Thanks, Leo. Will do.

What about Troy Conservatory?


----------



## wjs2nd (Aug 30, 2013)

I know Troy does a lot of Neos, but I don't know his success rate. 

All you Neos look great! Mine have already bloomed.


----------



## Susie11 (Aug 31, 2013)

You have a way with Neo's!


----------



## Berthold (Oct 18, 2013)

streetmorrisart said:


> New World has Koyo for $120/growth...same variety, different spelling.

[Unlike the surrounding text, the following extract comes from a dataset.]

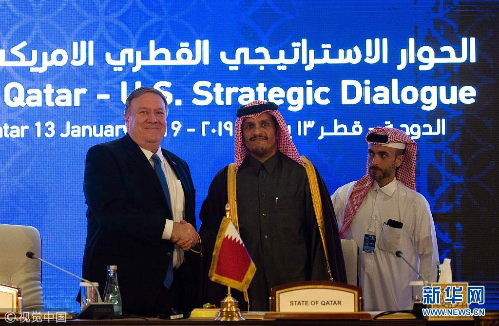 2019年1月13日,卡塔爾多哈,美國(guó)國(guó)務(wù)卿邁克·蓬佩奧訪問(wèn)卡塔爾。蓬佩奧與卡塔爾副首相兼外交大臣穆罕默德在多哈的喜來(lái)登大酒店簽署了諒解備忘錄和意向聲明并舉行聯(lián)合記者會(huì)。蓬佩奧表示,兩國(guó)外交部門(mén)領(lǐng)導(dǎo)人當(dāng)天簽署了一份諒解備忘錄,將擴(kuò)建和改造烏代德美國(guó)空軍基地。(圖片來(lái)源:視覺(jué)中國(guó))

Yes, here it is, a nice healthy plant


----------



## The Mutant (Oct 20, 2013)

Love that first one, k...something. I'm calling it cujo for now.  I would definitely welcome that one in my flat. :smitten:


----------



## Berthold (Oct 24, 2013)

Here my Stimulation but in pink based on Koyo clon


----------



## Berthold (Oct 24, 2013)

I hope this parasite will not throttle the poor Ginko tree :wink:


----------



## SlipperFan (Oct 24, 2013)

*OMG!!!!!!!!!!!!!!!!!!!!!!!!!!!!!!!!!!!!!!!!!!!*


----------



## abax (Oct 24, 2013)

Can you imagine the fragrance wafting around that tree???!!! I think I'd
have to learn how to climb trees and build a platform up there...WOW!


----------



## cnycharles (Oct 26, 2013)

Wow is right


Sent from my iPhone using Tapatalk - now Free


----------



## SlipperFan (Mar 3, 2014)

A quick update.
The pod ripened in a little over 6 months, in case anyone else is thinking about Neo pods. It's now in the hands of a flanking service.


----------



## The Orchid Boy (Mar 3, 2014)

Awesome neo tree!!!!!


----------



## Ozpaph (Mar 3, 2014)

that covered tree is astounding!


----------